Two other thoughts. One is that I tend to think the philosophers get this whole question arse-backwards. So far as I can follow the debate, both Quineans and ‘Noneists’ consider the real world to be full of real things, and the inexistent world to be a kind of annex, or ratio-inferior, of that plenitude, for which little epicycle-like appendices to the larger theory of existent things are needful in order to make the whole consistent schema of nested Quinean spheres spin smoothly.

I honestly doubt if this is the state of affairs, at least where living-breathing humans are concerned. Reality is what it is, no question; but Fantasy is unconstrained by what-it-isness and expands in myriad more startling and satisfying and alarming directions. The point is: people care more, and quite a lot of people care very much more, about Fantasy than Reality. I don't mean in the schizophrenic sense of losing touch with reality. Almost everybody is adept at not doing that. But I do insist upon the point nonetheless. People care more about the fictional (inexistent) neighbours they watch on Eastenders and Coronation Street than they do about their actual neighbours, who actually live next door to them. People care more about Hogwarts than real schools. People care more about Wakanda than actual African nations. More tourists will discover a desire to visit New-Zealand-as-Middle-Earth than will want to go merely to New Zealand.

I say so not in any spirit of contempt at the bovine disengagement from reality of people in general. This seems to me simply an observation about human life, mine as much as anybody's. In fact I think it reflects the simple fact that Reality is something we must navigate and survive, where Story is something we have invented precisely such that we can care about it. And this has real-world consequences, all the time, some small, some large. People invest in ideologies and theologies, for example, that override their basic instincts towards logic, empathy, and even self-preservation. Al Capone wept as he watched Caruso sing Canio in Pagliacci, but stood stony-faced as his henchmen murdered actual, living, breathing people in front of him, on his orders. I've written elsewhere, and still think it's largely true, that Star Wars killed the space race: Apollo 11 was exciting, but the later Apollo missions were dull and functional and real; and when, in 1977, this exciting, thrilling irreal version of space travel came along, people switched allegiance. Simple as that. It is so much easier and so much more emotionally gratifying to care about Luke Skywalker than it is to care about Eugene A. Cernan and Ronald E. Evans. And we want to care. We want to care very much.

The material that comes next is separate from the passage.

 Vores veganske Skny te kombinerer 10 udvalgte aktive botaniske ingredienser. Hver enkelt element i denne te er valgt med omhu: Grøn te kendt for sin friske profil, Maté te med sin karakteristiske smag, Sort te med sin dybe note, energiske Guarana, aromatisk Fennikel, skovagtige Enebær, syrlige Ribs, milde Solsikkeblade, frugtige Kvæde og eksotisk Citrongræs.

That leads to my second thought, which is where I go off the rails a little, I suspect. It's a hypothesis: that the inexistent (and therefore, for example, Fantasy) operates in an Aristotelian, or Thomas-Aquinas-esque, manner, where the existent (the real world or real things) operates in a Newtonian-Einsteinian manner. That, in fact, this distinction might be a way of approaching the logic of the irreal itself, and of fleshing out a theory of the discursive parameters of Fantasy as a mode. It's also an index of caring I think. It shapes the ways in which we articulate our passion for these inexistencies, the things we care about and the sorts of engagement we indulge in.

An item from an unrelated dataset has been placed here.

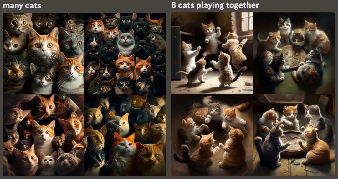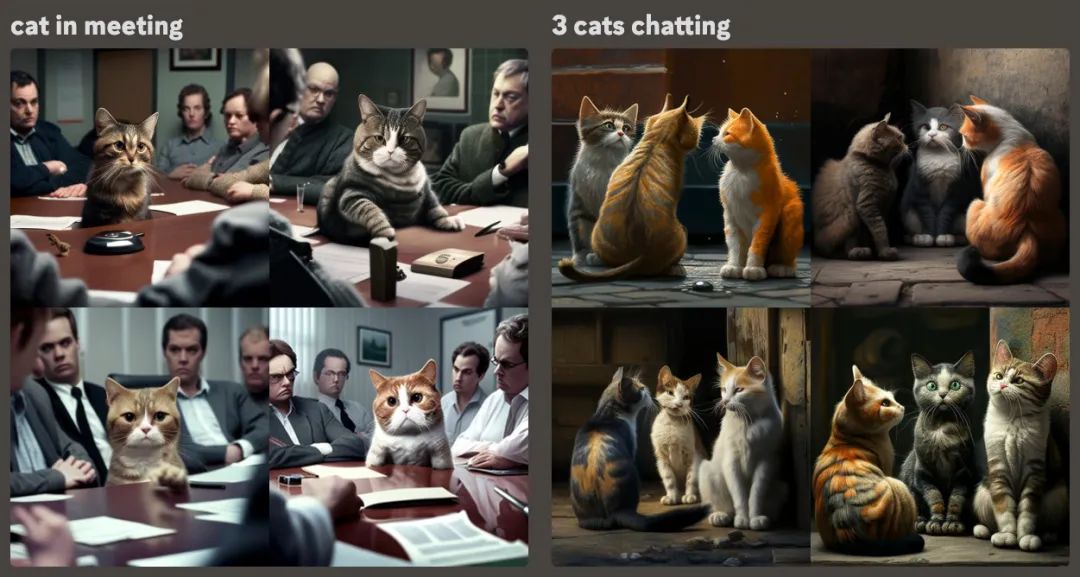 例如想生成貓咪開會的圖片,我們想要的場景肯定是一群在開會的貓,而不是人們在開會的時(shí)候會議室里有只貓,因此避免用「cat in meeting」,改用「3 cats chatting」。

To be clear, and although people thought they were for a long time, real things are not Aristotelian mash-ups of substance and accidents. All those alchemists were barking up the wrong tree: lead does not share the same substance as gold, such that, if we could just find a way of tweaking its accidental greyness and leadenness, we could all be rich. That's simply not how the universe works. But it is how inexistent objects and entities work. That, at any rate, is my hypothesis.

A couple of in-the-news-at-the-moment examples of what I mean. James Bond is inexistent, a glamorous super-spy who has exciting adventures all around the world. He is, we could say, substantially a British spy, and not (to use Graham's example) substantially a Portuguese fishmonger. But he is only accidentally white. We could cast Idris Elba as Bond, and millions would flock to the cinema to see him, and take him as James Bond. Of course I'm not picking an ideologically neutral example, and there are people who insist that Bond is indeed substantially white. They're wrong, and basically racist, but the point is, even such people would recognise that the entity James Bond has accidents as well as substance: brown eyes or blue, a chunky frame or a more slender one and so on. They're just arguing over where the line is drawn. Or another example: Doctor Who is substantially a benign alien with the power to travel in time, and only accidentally old or young, male or female. When bigots complain ‘you can't cast a black actor to play Hermione Granger’ they're insisting that the character's skin-colour is part of her substance. They're not denying the accidents of the character, or they'd say ‘you can't cast an actor to play Hermione Granger’. When bigots complain ‘you can't cast a woman a Doctor Who’ they are both revealing their ideological bias, and their tacit commitment to a model of Aristotelian irrealism in which many aspects of Doctor Who can change but some others cannot without the entity in question stopping being Doctor Who.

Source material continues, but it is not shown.